Python 3.12 · aiogram 3 · FastAPI · DeepSeek · SQLAlchemy 2.0 · Qdrant · fastembed (ONNX) · Docker

Quick start

git clone https://github.com/laneAlien/lead-filter-bot.git
cd lead-filter-bot

# Copy and fill environment variables
cp .env.example .env
# Edit .env: set DEEPSEEK_API_KEY and TELEGRAM_BOT_TOKEN

# Install dependencies
make install

# Apply database migrations
uv run alembic upgrade head

# Verify everything works
make lint && make typecheck && make test

# Run API server (terminal 1)
make dev-api

# Run Telegram bot (terminal 2)
make dev-bot

Environment variables

Variable Description
DEEPSEEK_API_KEY Your DeepSeek API key
DEEPSEEK_BASE_URL DeepSeek endpoint (default: https://api.deepseek.com)
DEEPSEEK_MODEL Model name (default: deepseek-chat)
TELEGRAM_BOT_TOKEN Token from @BotFather
DATABASE_URL SQLAlchemy async URL (default: sqlite+aiosqlite:///./dev.db)
LOG_LEVEL Logging level (default: INFO)
ENV Environment name (default: development)
QDRANT_URL Qdrant endpoint (default: http://localhost:6333)
QDRANT_API_KEY Qdrant API key if auth enabled (default: empty)
QDRANT_COLLECTION Collection name (default: kontur_kb)
EMBEDDING_MODEL HuggingFace model ID (default: intfloat/multilingual-e5-small)
RAG_TOP_K Max chunks to retrieve (default: 4)
RAG_SCORE_THRESHOLD Min cosine similarity, 0 = no filter (default: 0.0)

Project structure

lead-filter-bot/
├── apps/
│   ├── bot/              # aiogram process
│   │   ├── main.py       # entrypoint: Dispatcher, RedisStorage, middleware wiring
│   │   ├── flow.py       # shared per-turn router (intent → RAG or advance)
│   │   ├── states.py     # FSM state definitions
│   │   ├── keyboards.py  # inline keyboards
│   │   ├── handlers/
│   │   │   ├── start.py    # /start command
│   │   │   ├── dialogue.py # 5 FSM step handlers + validators
│   │   │   └── fallback.py # post-FSM question handler (StateFilter(None))
│   │   └── middleware/
│   │       └── user_lock.py # PerUserLockMiddleware: serializes messages per user
│   └── api/              # FastAPI process
│       ├── main.py       # app + router mounting
│       ├── deps.py       # get_db() session dependency
│       └── routers/
│           ├── health.py   # GET /health
│           └── qualify.py  # GET /qualify/ping
├── core/                 # shared library
│   ├── config.py         # pydantic-settings
│   ├── llm.py            # DeepSeek client wrapper
│   ├── rag.py            # Embedder + RagClient (Qdrant)
│   ├── prompts/
│   │   ├── qualifier.py  # qualification system prompt
│   │   ├── intent.py     # QUESTION vs ANSWER classifier prompt
│   │   └── rag_answer.py # grounded answer builder
│   ├── services/
│   │   ├── conversation.py
│   │   └── intent.py     # classify_intent()
│   ├── models.py         # SQLAlchemy 2.0 models
│   ├── schemas.py        # Pydantic schemas (+ IntentType, RagChunk)
│   └── db.py             # async session / engine
├── data/kb/              # drop *.md knowledge base files here
├── scripts/
│   └── index_kb.py       # chunks + embeds + upserts into Qdrant
├── migrations/           # Alembic
├── tests/
├── .env.example
├── pyproject.toml        # uv-managed
└── Makefile

API endpoints

Method Path Description
GET /health Health check, returns env
GET /qualify/ping Test DeepSeek connection

RAG (Phase 3)

The bot uses Qdrant + intfloat/multilingual-e5-small to answer client questions about the agency mid-conversation without interrupting the qualification funnel.

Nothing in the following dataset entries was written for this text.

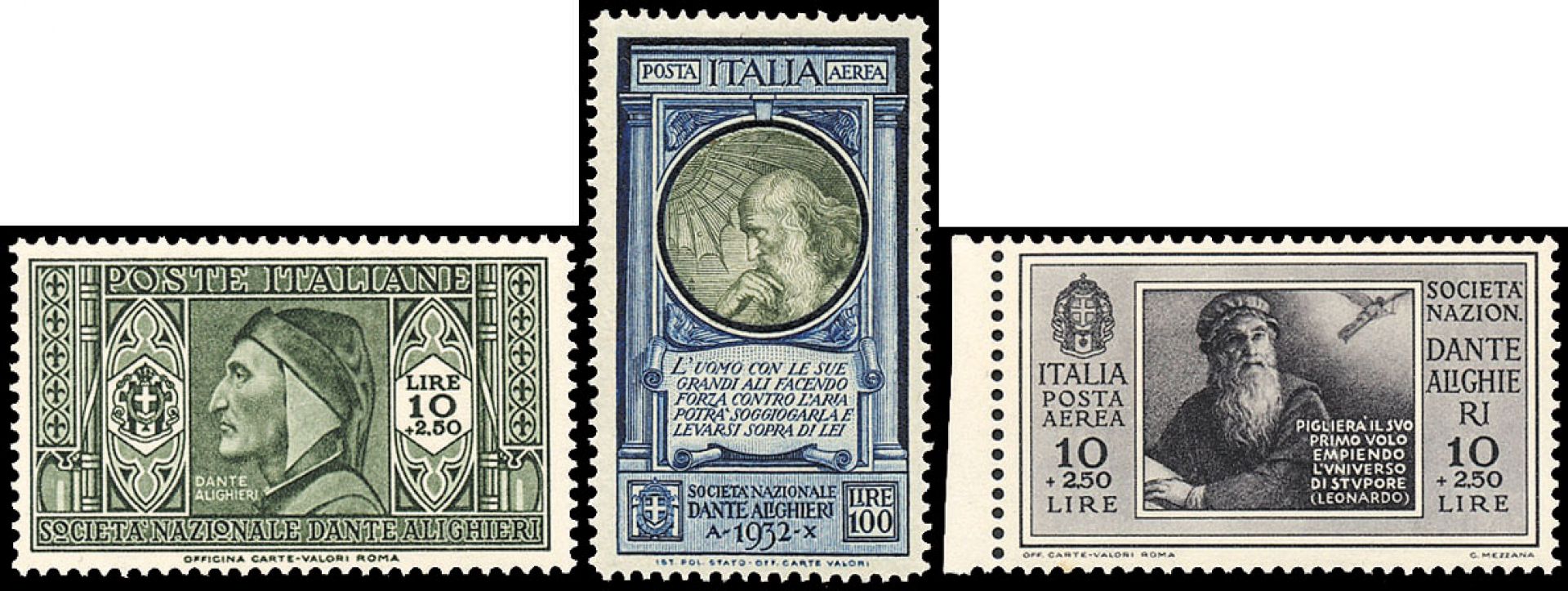 • 1932 Italia Regno: Dante Alighieri (N°303/14+A) s. cpl.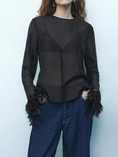 SHEIN Maija Camiseta de manga larga con cuello redondo negro para mujer, con adorno de pelusa, textura semitransparente, ajuste relajado, elegante, sexy y versátil para todas las estaciones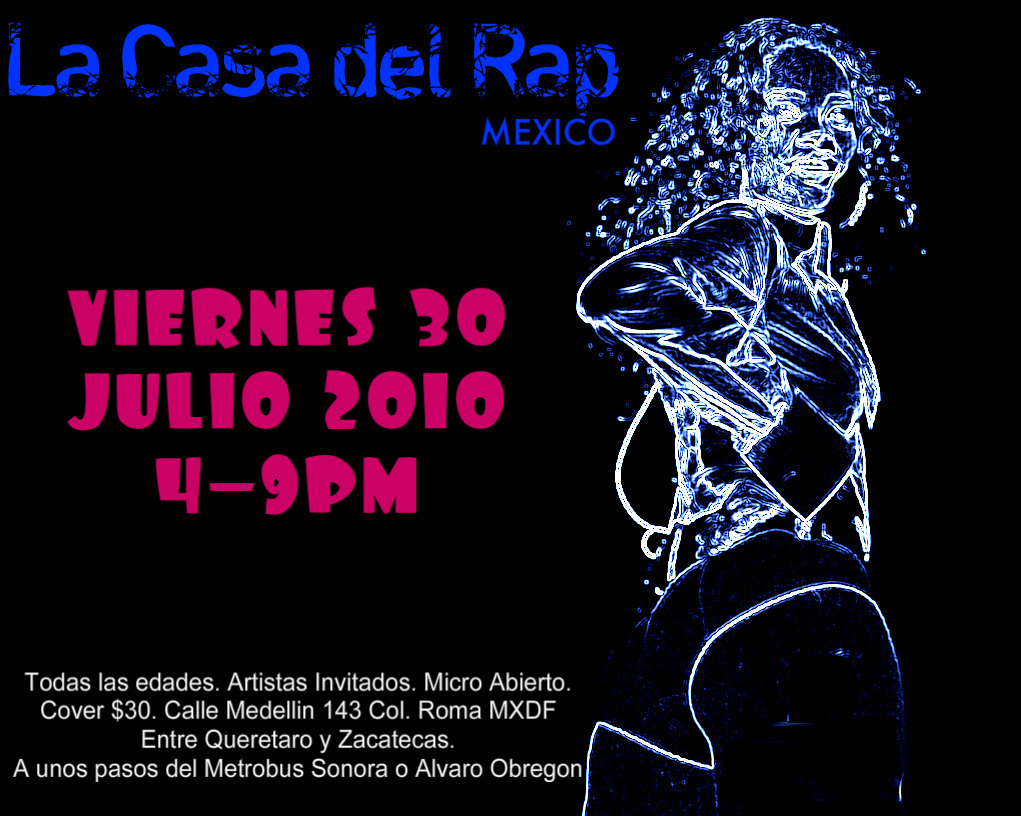 La casa del Rap – 2010 July 30, 2010 1 min read by MazPlata Archivo de Eventos Fecha: 30 julio 2010 Hora: 4:00 pm Costo: $30 Lugar: ??? Dirección: Calle Medellin no 143, Col. Roma Previous Batalla del sabor – 2010 Next 31 Julio | Juntos pero no revueltos – 2010

Important — e5 prefix convention: Every query must be prefixed with "query: " and every indexed passage with "passage: ". Skipping this silently degrades retrieval quality. The code enforces this in core/rag.py::embed_query and embed_passages.

Qdrant: running at http://localhost:6333, collection kontur_kb, vector size 384, Cosine distance.

Indexing the knowledge base:

  1. Drop *.md files into data/kb/ (the agency_kb.md file is already there).
  2. Run make index — this chunks, embeds, and upserts into Qdrant (idempotent).

Flow per turn:

  1. Client message arrives in any FSM state.
  2. classify_intent(llm, current_question, user_message)QUESTION or ANSWER.
  3. QUESTION → retrieve from Qdrant, generate grounded reply, re-ask the same FSM question, stay in state.
  4. ANSWER → existing store-and-advance logic unchanged.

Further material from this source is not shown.